Financements privés et liens transatlantiques
D’autres groupes activistes, dont Extinction Rebellion, Indivisible Belgium et Rise for Climate, ont également dénoncé l’événement, protestant contre la privatisation du parc public.
“L’action menée par M. l’ambassadeur Bill White est une arnaque. Il s’agit de Freedom 250, une société privée créée par Donald Trump et JD Vance pour attirer l’argent des entreprises des États-Unis, de la Belgique et d’autres sociétés européennes”, a déclaré Christopher Hunter d’Indivisible Belgium Collective.
“Il a profité de l’anniversaire de l’Amérique et en a fait une nouvelle opportunité de gagner de l’argent”, a-t-il déclaré.
Interrogé sur les émeutes et les manifestations, White a admis qu’il ne connaissait pas les motivations spécifiques de la manifestation. “Je ne sais pas contre quoi ils protestent, mais j’aimerais le savoir”, a-t-il commenté, selon les médias belges.

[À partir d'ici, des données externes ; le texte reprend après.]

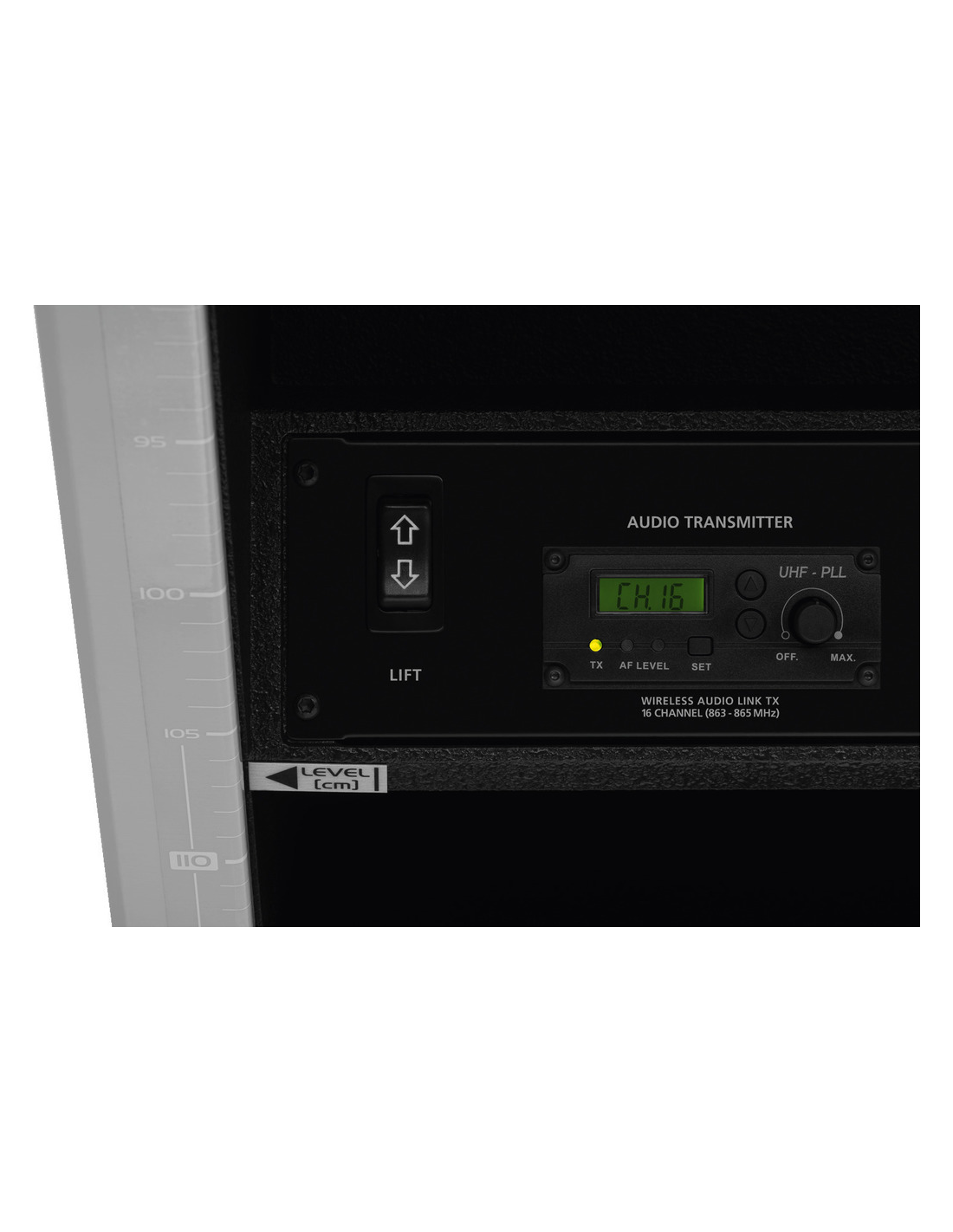 Potencia nominal (PRMS) 50 W Pico de potencia de salida 100 W Rango de frecuencias 50-20.000 Hz Frecuencia emisión 863,1-864,9 MHz Alcance ≤ 30 m Entradas 24 mV (mic 1-2, arriba), 4,5 mV (mic 1-3), 150 mV (línea 1-3), 400 mV (línea) SPL máx. 114 dB Ecualizador, graves ±12 dB/60 Hz Ecualizador, medios ±7 dB/1 kHz Ecualizador, agudos ±12 dB/15 kHz Alimentación ˜ 230 V/50 Hz/135 VA Temp. ambiente admis. 0-40 °C Dimensiones 800 x 850-1.250 x 570 mm Peso 52 kg Conexiones 3x XLR (mic), 3x jack 6,3 mm (línea), 1x RCA I/D (entrada de línea), 1x RCA I/D (salida de línea) Peso neto 51,95 kg DESCARGAS Datasheet Instruction manual Declaration of Conformity UKCA RED Declaration of Conformity CE RED

Concernant le financement de l’événement, l’ambassadeur a révélé avoir récolté plus de 5 millions de dollars (4,3 millions d’euros) auprès de plus de 220 donateurs, avec des contributions d’entreprises et de particuliers américains et belges.
Parmi les principaux sponsors figurent des multinationales américaines telles que Meta, Microsoft, Nike et McDonald’s, ainsi que des noms belges de premier plan tels que Leonidas, le port d’Anvers-Bruges, Sabena, Van Moer Logistics et Sibelco.
Lorsque les journalistes lui ont demandé si l’ampleur de l’événement était spécifiquement conçue pour aider à réparer les relations transatlantiques tendues, White a catégoriquement rejeté l’idée de profondes frictions, soulignant plutôt l’histoire commune des deux nations.
“Ignorons certains bruits médiatiques qui provoquent des disputes ou mettent en évidence plus de divisions qu’il n’en existe réellement”, a déclaré White. “Nous savons que nous entretenons une relation merveilleuse que nous devrions chérir et poursuivre.”